Deze zijn te verdelen in drie verschillende categorieën:

  1. Principiële bezwaren tegen voorwaarden in het contract die huisartsen financieel zouden moeten prikkelen om de door de zorgverzekeraar geselecteerde medicatie voor te schrijven of te verwijzen naar zorginstellingen en laboratoria die door de zorgverzekeraar zijn geselecteerd op basis van prijs. Huisartsen vinden dit een ontoelaatbare aantasting van hun professionele autonomie.
  2. In het contract is een bepaling opgenomen dat huisartsen zich in het kader van de fraudebestrijding bereid verklaren inzage te geven in het dossier van hun patiënten. Hiermee worden zij gedwongen op aanwijzingen van de zorgverzekeraar hun beroepsgeheim prijs te geven.
  3. Bezwaren tegen de extreme verlaging van sommige tarieven tot wel 75 procent. Het betreft hier met name de M&I-verrichtingen die onder het gewone consulttarief zijn gebracht.
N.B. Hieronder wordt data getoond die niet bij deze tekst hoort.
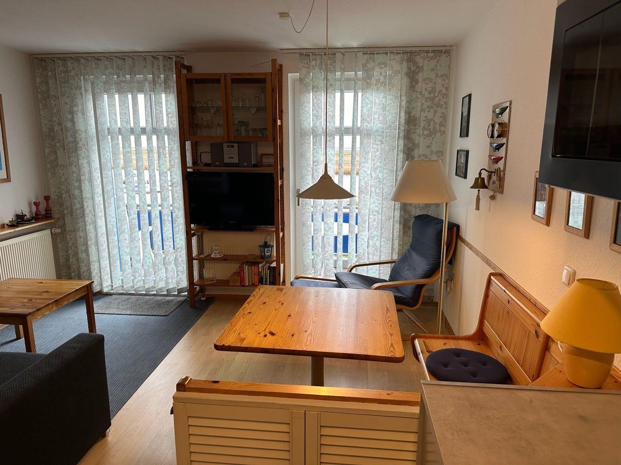 Die Wohnebene umfasst den Wohnraum(von hier gelangen Sie auch auf den Südbalkon mit Blick auf den Hafen und das Boddengewässer), eine integrierte Küche und das Bad mit Dusche und WC.
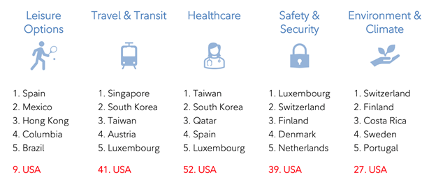 Figure 1: USA doesn’t rank in the top 5 for any quality-of-life considerations. Source: 2023 Expat Insider survey.
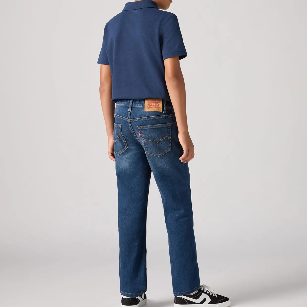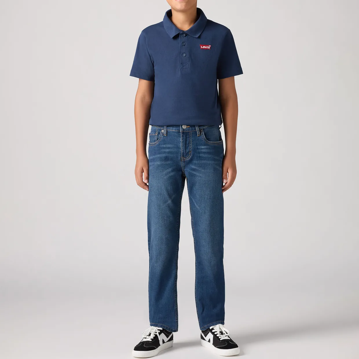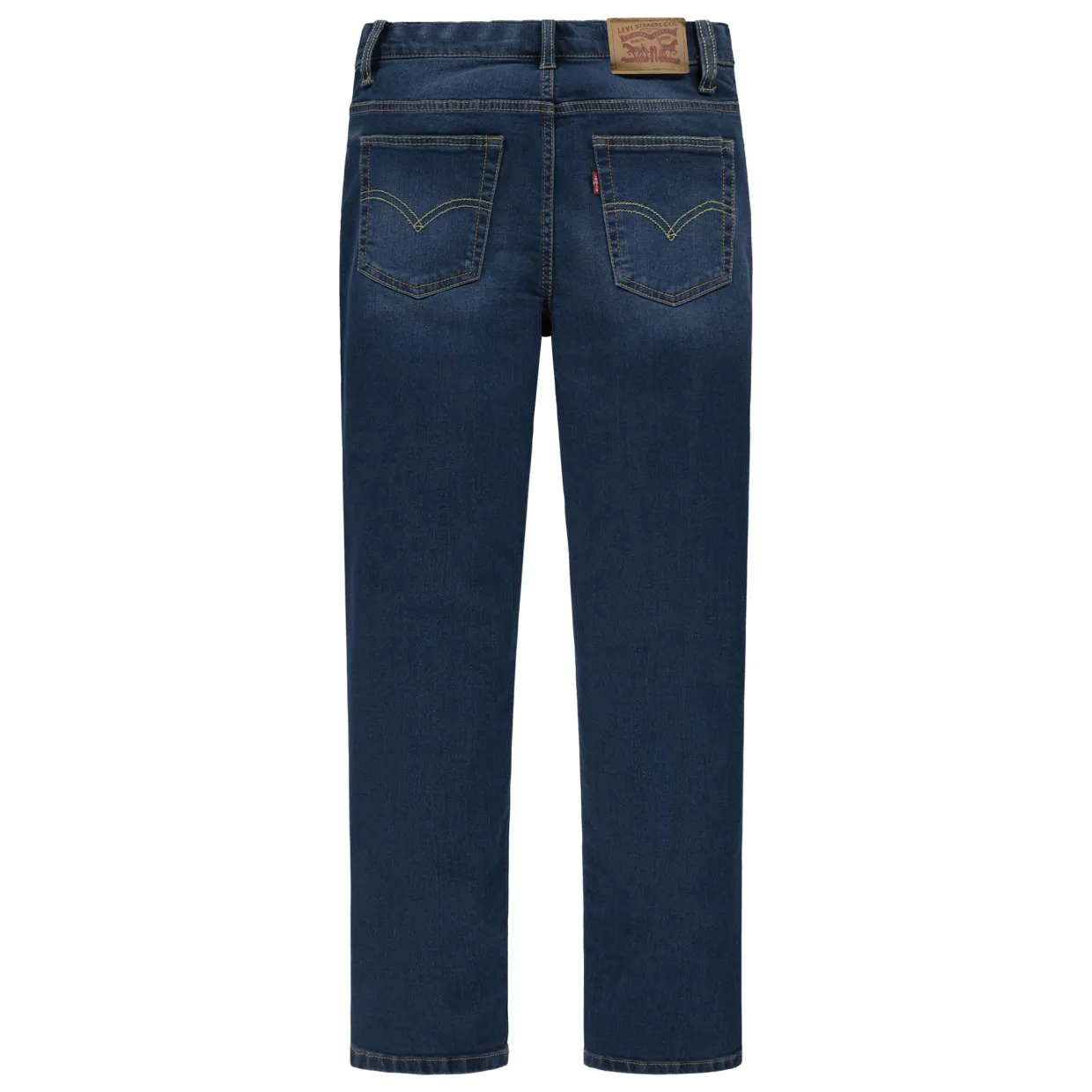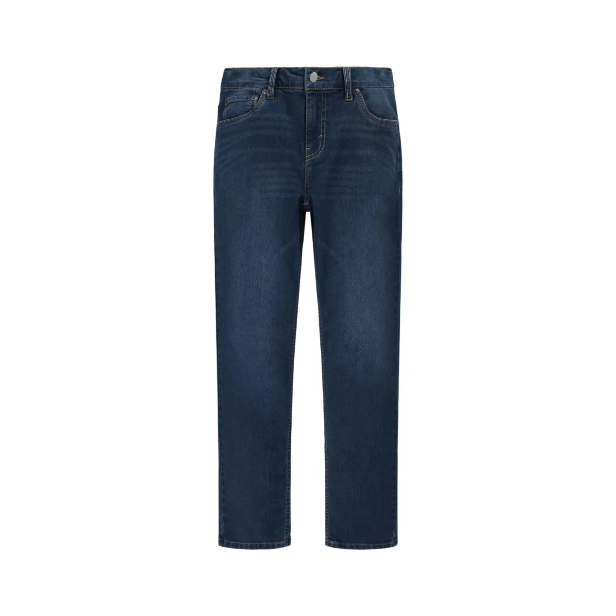 - Tapered silhouette, fly and button fastening, contrast stitching, five-pocket style, whiskering, brand logo patch, dark wash

Ook de tarieven van M&I-verrichtingen waarvoor nog wel een aparte betaaltitel bestaat, zijn fors naar beneden bijgesteld.
Commentaar VPHuisartsen

Zoals door VPHuisartsen in een eerder commentaar is vastgesteld, heeft de NZa de gereguleerde tarieven naar beneden bijgesteld met het argument dat 23 procent van de praktijkopbrengst van een huisarts uit vrije tarieven afkomstig is.

Volgens de redenering van de NZa dient dan ook 23 procent van de reguliere praktijkkosten uit die vrije tarieven voort te komen. Nu blijkt dat zorgverzekeraar VGZ zich hierbij niet aansluit en volstrekt onvoldoende compensatie biedt, zodat de VGZ-huisartsen voorzien dat hun omzet zal dalen terwijl van hen wel wordt verwacht dat zij nieuwe taken op zich gaan nemen. De afspraken die in het Hoofdlijnenakkoord zijn gemaakt worden zo met voeten getreden.

Samen met het argument dat zij vinden dat VGZ teveel op hun professionele stoel gaat zitten hebben de huisartsen dan ook wel een punt om in verzet te komen tegen de niet onderhandelbare VGZ-contracten.

Als er voor de huisartsen zoveel op het spel staat, zou je mogen verwachten dat dit aanleiding is tot een onderhandelingsronde om de geschillen te overbruggen. Het feit dat VGZ dit categorisch weigert, maakt duidelijk hoe scheef de machtsverhoudingen zijn komen te liggen tussen zorgaanbieders en verzekeraars.

Ondanks dat de mogelijk te grote machtspositie van de zorgverzekeraars recent door de NZa werd onderkend, is er in dit conflict van de kant van deze toezichthouder nog geen enkel ingrijpen geweest. De minister trekt haar handen ervan af want dit is ‘de markt’ en daar is voor de overheid geen plek.

Het is de grote verdienste van de ‘weigerhuisartsen’ van VGZ (onder meer in Limburg en Noord-Holland) dat zij aantonen dat het speelveld in de zorgmarkt zo onevenwichtig is verdeeld, dat zorgprofessionals zijn overgeleverd aan de willekeur van zorgverzekeraars.